**Records drawn from a dataset:**

%%

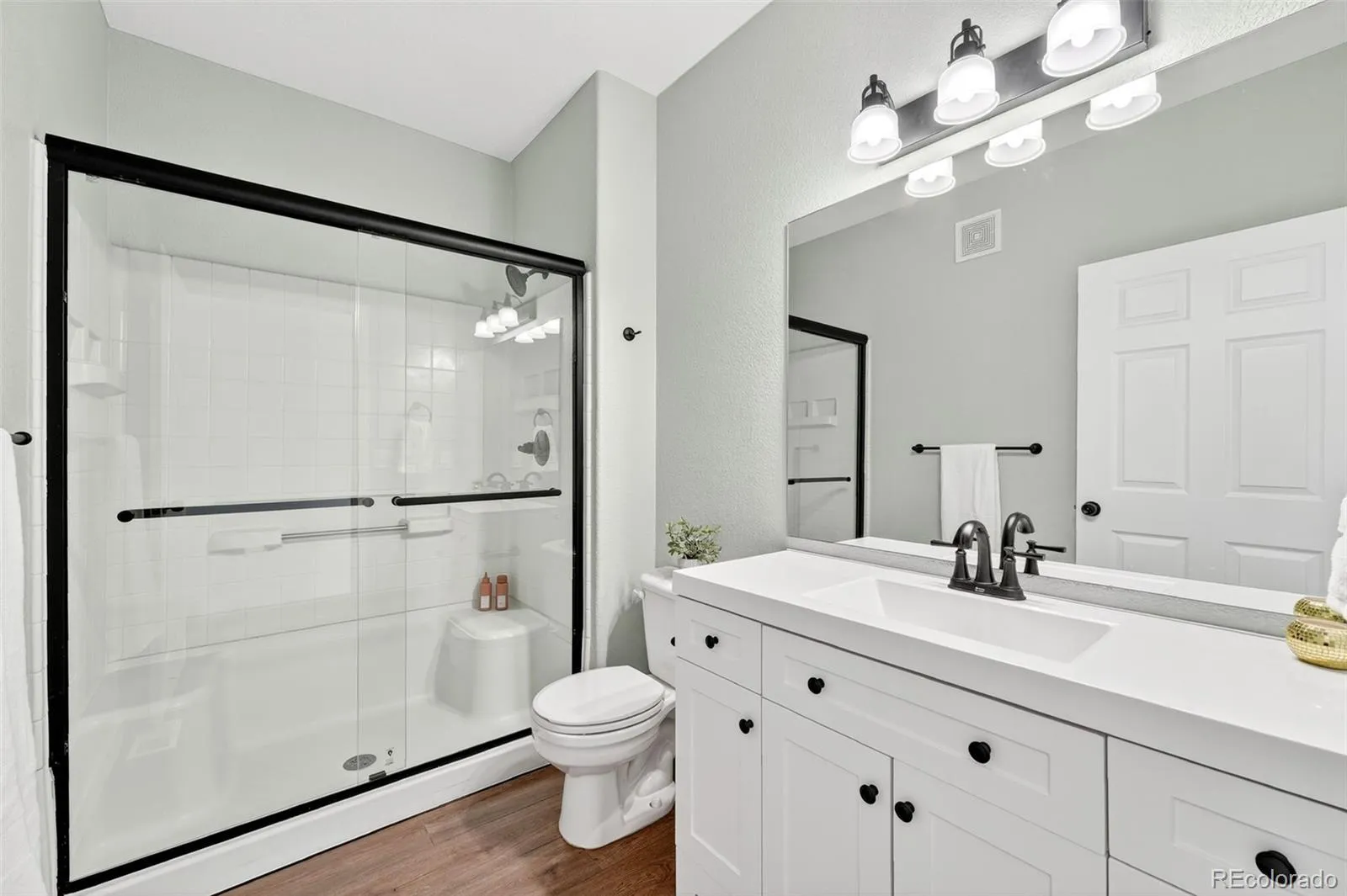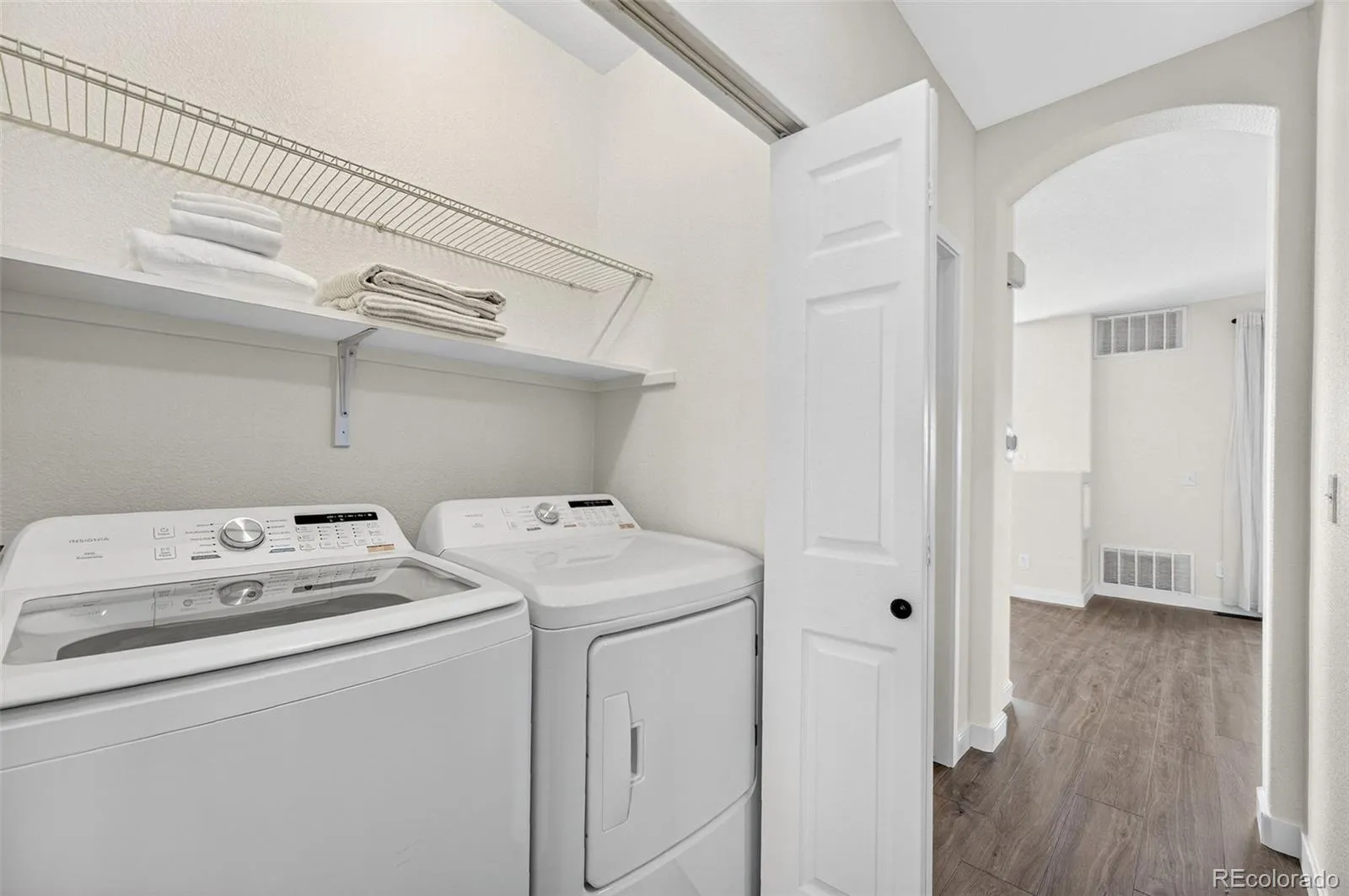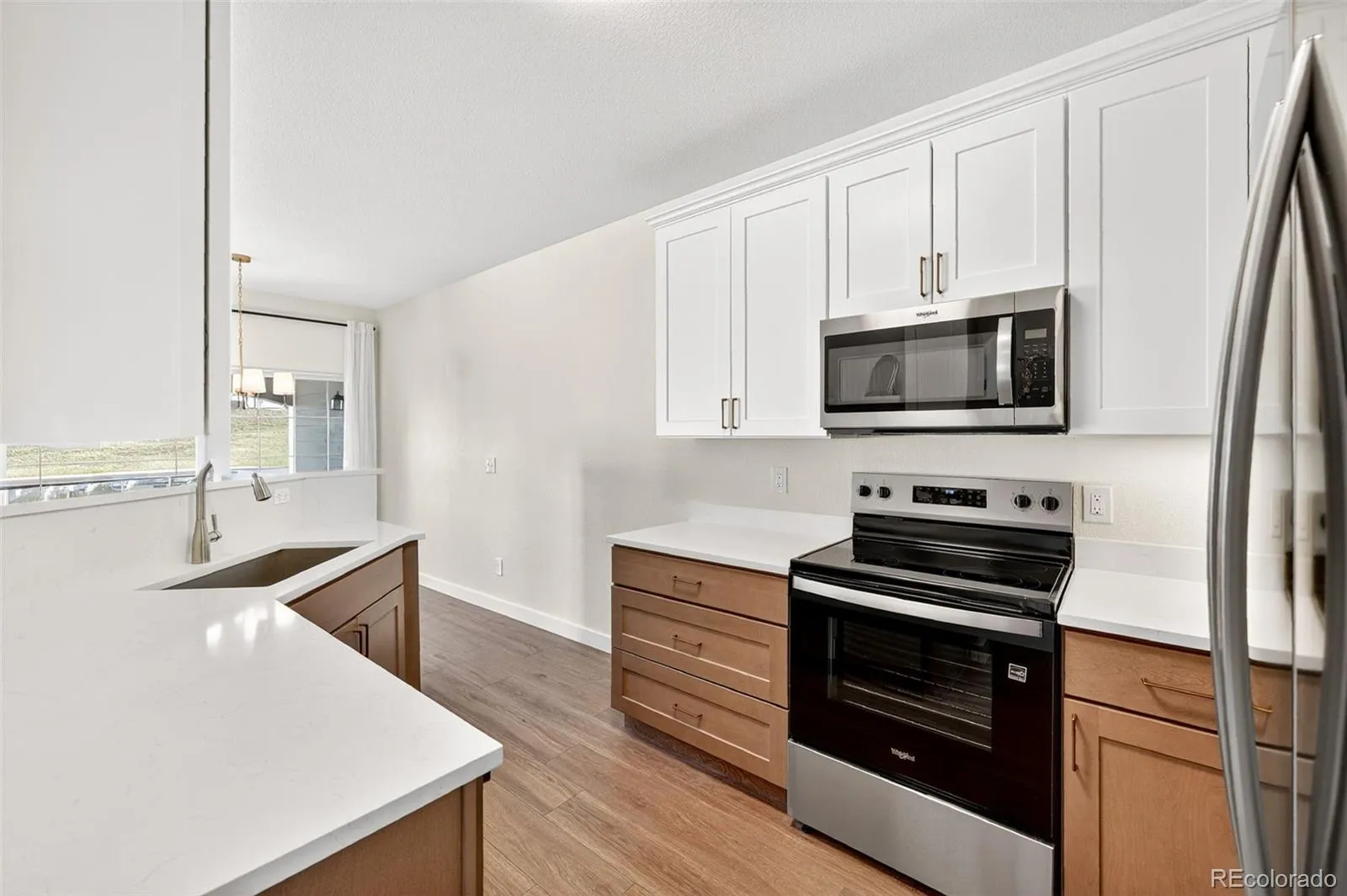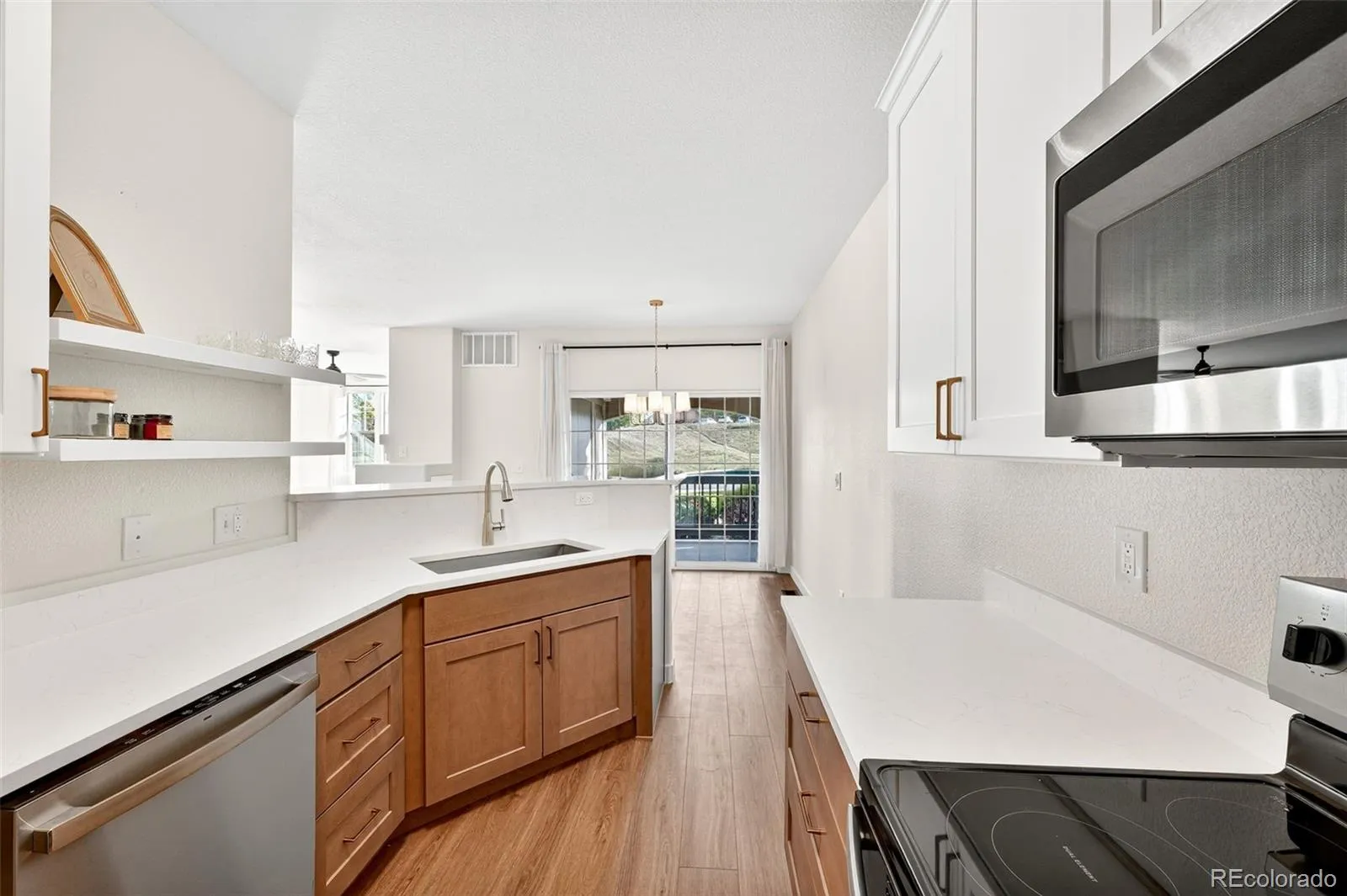 This is the one you’ve been waiting for! Fully renovated, sunny South-facing unit in coveted Fox Creek Condos. Open floor plan with generous living room, dining room & open kitchen – great for every day living & joyous gatherings. Cozy up to the gas fireplace – surrounded by built-ins, or enjoy an evening cooking for family and friends in the gourmet kitchen. High-end cabinets maximize storage space (including pantry), and there is ample prep space on the beautiful quartz counter tops. Luxurious single basin sink and open shelves add style and functionality. HW floors (luxury vinyl plank) throughout common spaces, and brand new carpet in both bedrooms. Spacious primary suite with walk-in closet, and large bathroom with double vanity. Second bedroom also generously sized. Hard to find, in-unit washer & dryer- as well as huge storage closet outfitted to be a work-from-home-space that’s easy to close-up and have ‘disappear’. As lovely as it is versatile, this unit lives larger than the sqft would suggest. Private patio, oversized 1 car garage (that fits most pick-up trucks) and 1 additional off-street parking space. Right on the Niver Open space connecting you to miles of trails. Walk to coffee shops, parks & restaurants. Easy HWY access connects you to the rest of the Metro! Truly a gem – this is one you won’t want to miss!
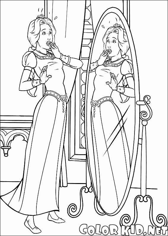Фиона также решила выпить чудо зелье. Из зеленой великанши она превратилась в прекрасную принцессу. Сейчас Фиона смотрит в зеркало и не узнает себя.
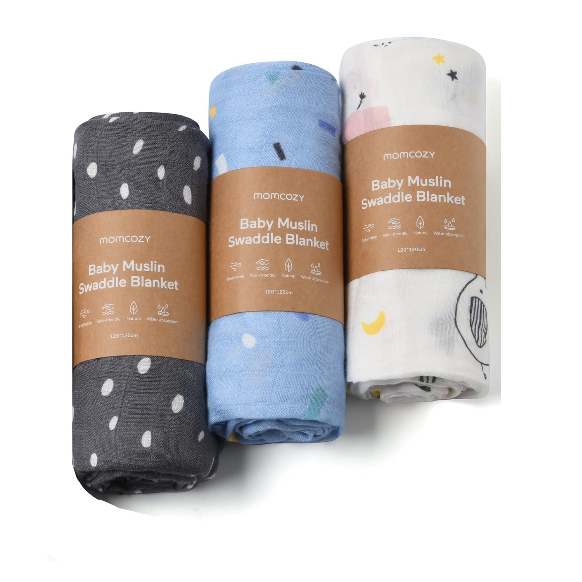 Momcozy- Paquete de 3 mantas de muselina unisex para bebé de 47 x 47 pulgadas
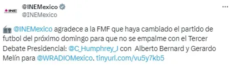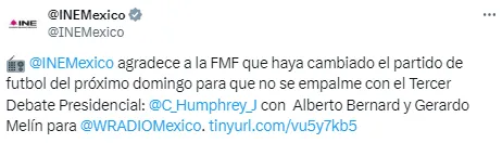 El motivo apunta a la tercera edición y última del debate presidencial, el cual tendrá lugar el mismo domingo 19 de mayo, a las 20:00 horas tiempo del centro de México. De esta manera, con el cambio de horario no se empalmarán las transmisiones.
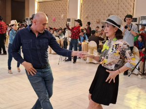 “Bu Dewi berlatih dansa seminggu sekali di sela kesibukan beliau. Stamina Bu Dewi saat membawakan tarian sangat bagus dan enerjik, sehingga terlihat seirama dan luar biasa,” ujar Vincent.
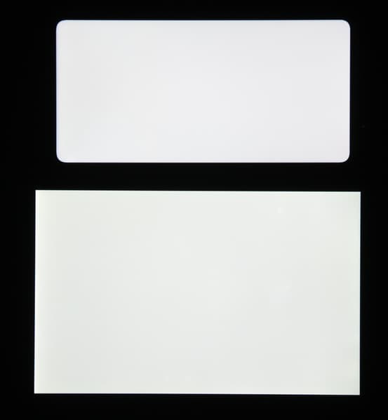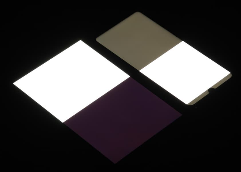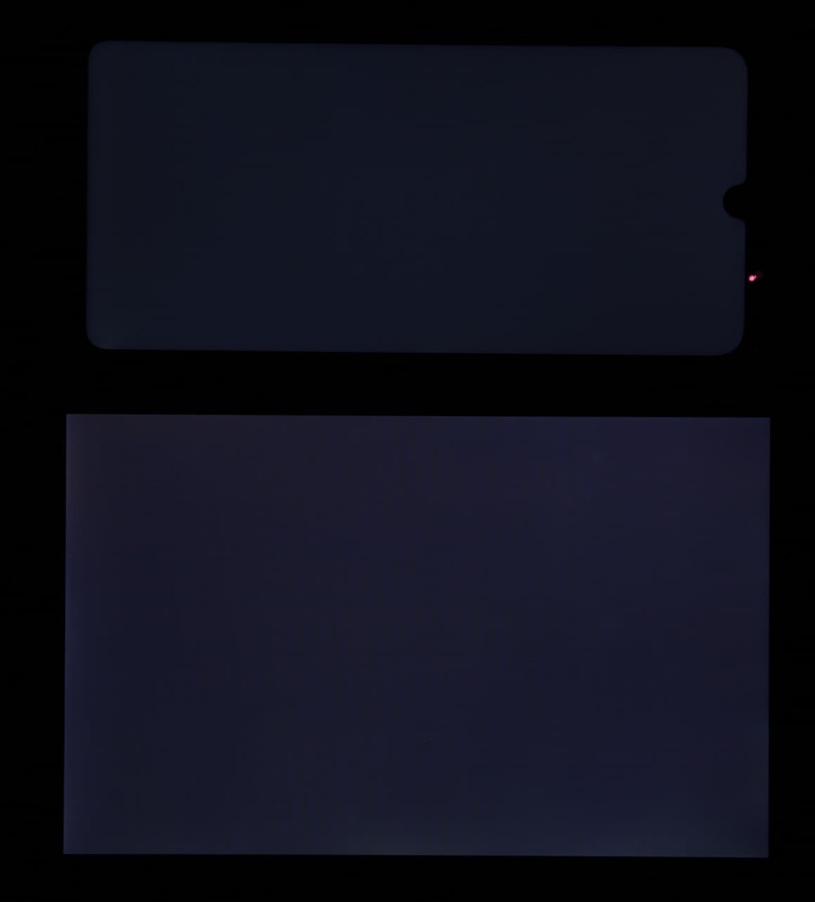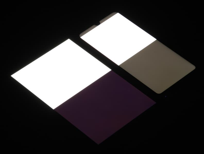 Яркость под углом у экранов уменьшилась (как минимум в 5 раз, исходя из разницы в выдержке), но у Huawei P30 lite экран все же немного темнее. Черное поле при отклонении по диагонали высветляется сильно, но остается условно нейтрально-серым. Фотографии ниже это демонстрируют (яркость белых участков в перпендикулярном плоскости экранов направлении одинаковая!):
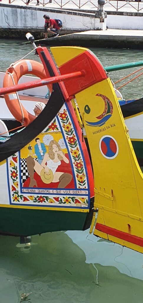Por los canales, navegan los característicos barcos “moliceiros”, barcazas típicas que recuerdan a las góndolas venecianas. Antaño se desplazaban con una pértiga o a vela, en la actualidad, van a motor y en breve se convertirán en eléctricos. Se utilizaban para transportar el «moliço», un alga que servía como abono y también para el transporte de la sal. Hoy en día realizan paseos turísticos que nos enseñan la ciudad desde al agua. Están pintados de vivos colores, con representaciones en la proa y en la popa de escenas de la vida cotidianas, en su mayoría con un carácter erótico, en alusión al carnaval veneciano. Hay otro tipo de barco que surcan los canales, el “mercantel”, más clásico y no tiene la proa curvada. Se utilizaba para transportar mercancía.
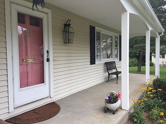 Front farmers porch welcomes you to this Beautifully cared for home in a neighborhood setting: offering 3 bedrooms, 3 full baths , gleaming hardwood floors, 2 fireplaces Spacious formal living room and dining room both with custom built ins . Cabinet packet kitchen and dining area open to FP family room, 3 bedrooms with hdwd floors , master with private bath . Heated for season room leads to perfectly manicured yard and various flower gardens . Recent improvements include composite deck, 1st floor bath and wainscoting accents . Ample expansion possibilities in heated basement with 2nd fireplace . Great highway access
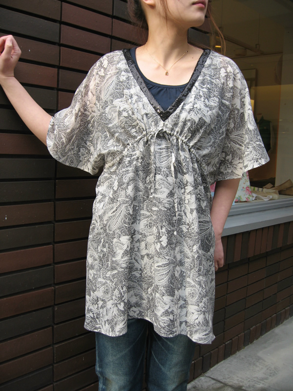 コットン×シルクの透け感のあるさらっとした生地に、大人っぽい花柄がプリントされたチュニックブラウス。襟元には、スパンコールで縁取りされてゴージャス感をプラス。胸元の紐でギャザーの寄せ具合を調節できるので、今回のように寄せていただいてもいいですし、伸ばしてストンとさせても◎。     ・ブラウス  ¥16590
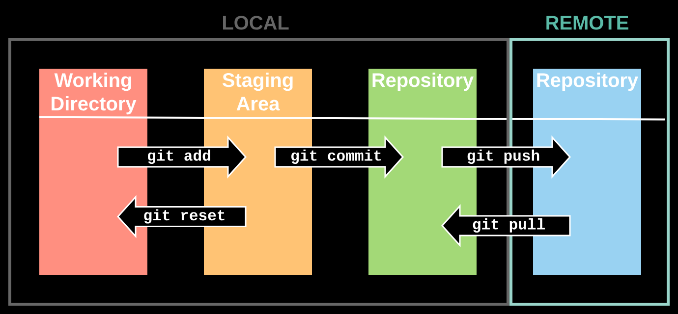 staging area 로 이동된 파일들을 git commit 혹은 git push 명령어를 통해 repository로 옮긴다.
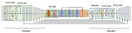 The generator consists of convolutional downsampling blocks, a partial convolutional attention module (PCAM), a multiscale pyramid feature fusion module (MPFF), a self-attention mechanism block, and convolutional upsampling blocks. The downsampling module is made up of convolution layers, normalization layers, and ReLU activation function layers. By stacking multiple convolution layers, the network progressively abstracts and extracts higher-level image features, as illustrated in Figure 4. The input of the convolutional downsampling module is skip-connected with the output of the 3 × 3 convolution, fusing feature maps at different scales. The input of the first convolutional downsampling block is skip-connected with the output of the 1 × 1 convolution of the second block, while the 3 × 3 convolution outputs of the second to sixth downsampling blocks are skip-connected with the 1 × 1 convolution outputs of the previous block. By utilizing multiple 1 × 1 convolution layers, non-linear activation functions are introduced into each convolution layer, enhancing the model’s expressive power and non-linear mapping capabilities.
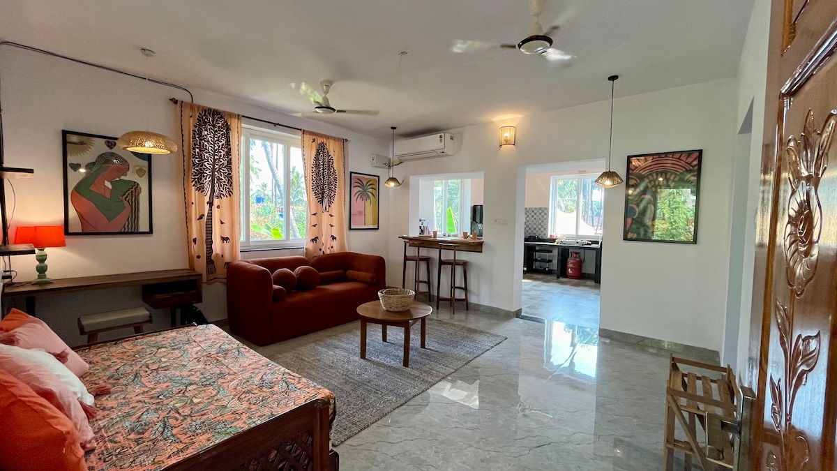 Üdvözöl a Luna 🌙 Ahol a napok lágyabbnak tűnnek, és az esték egy kicsit tovább ragyognak Dél-Goában ✨🌴 Privát 2BHK a Varca Beach közelében, mindössze 650 m sétára a nyugodt homoktól 🏖️ Bohó stílusú melegség 🌾, holdfényes tónusok, és a Casa Regal kényelmébe burkolózva, a Luna🌙 a lassú reggelekre, hangulatos sarkokra és a sietség nélküli, csillagok alatti szállásokra készült ✨
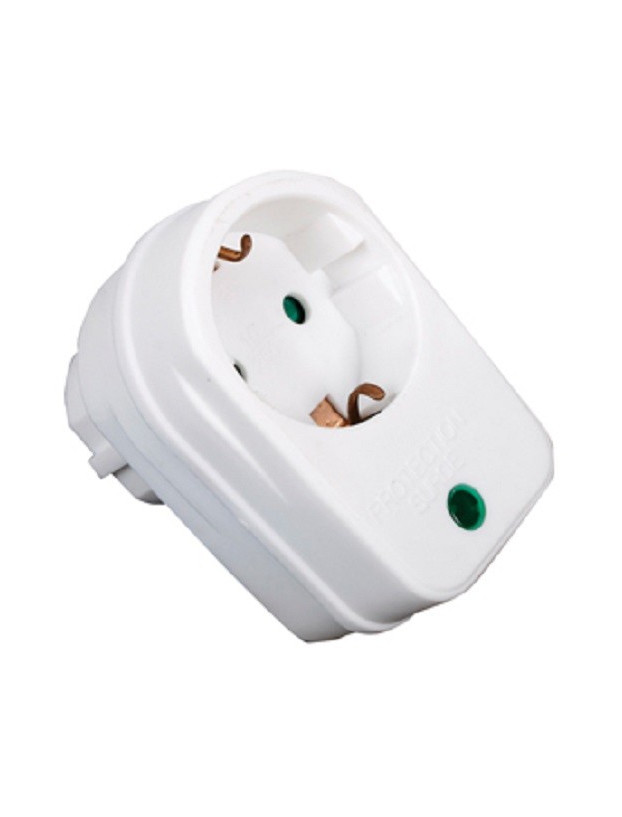 Einfacher Überspannungsschutzstecker mit einer Steckdose mit Kindersicherung. Eingangsspannung: 220 - 250 V/AC 50 Hz max. Ausgang: 16A
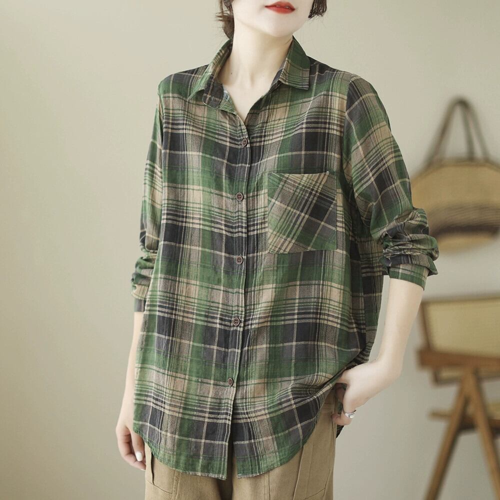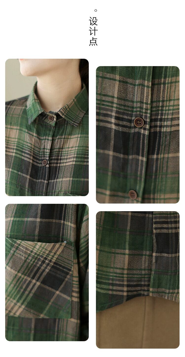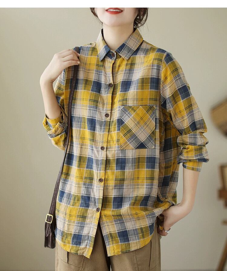 ese とオリジナル eign trade 有名な商品の女性の文学的なチェック柄の綿とリネンの長袖シャツカジュアルなルーズ リネン トップス秋 ロング コットン オータム 秋物 sine23041258015

%%

**Exercise:**
Copy only what runs above from the line containing "Momcozy- Paquete de" through the line containing "Dewi berlatih dansa", exactly. Leave out the pictures.

**Task result:**
 Momcozy- Paquete de 3 mantas de muselina unisex para bebé de 47 x 47 pulgadas
 El motivo apunta a la tercera edición y última del debate presidencial, el cual tendrá lugar el mismo domingo 19 de mayo, a las 20:00 horas tiempo del centro de México. De esta manera, con el cambio de horario no se empalmarán las transmisiones.
 “Bu Dewi berlatih dansa seminggu sekali di sela kesibukan beliau. Stamina Bu Dewi saat membawakan tarian sangat bagus dan enerjik, sehingga terlihat seirama dan luar biasa,” ujar Vincent.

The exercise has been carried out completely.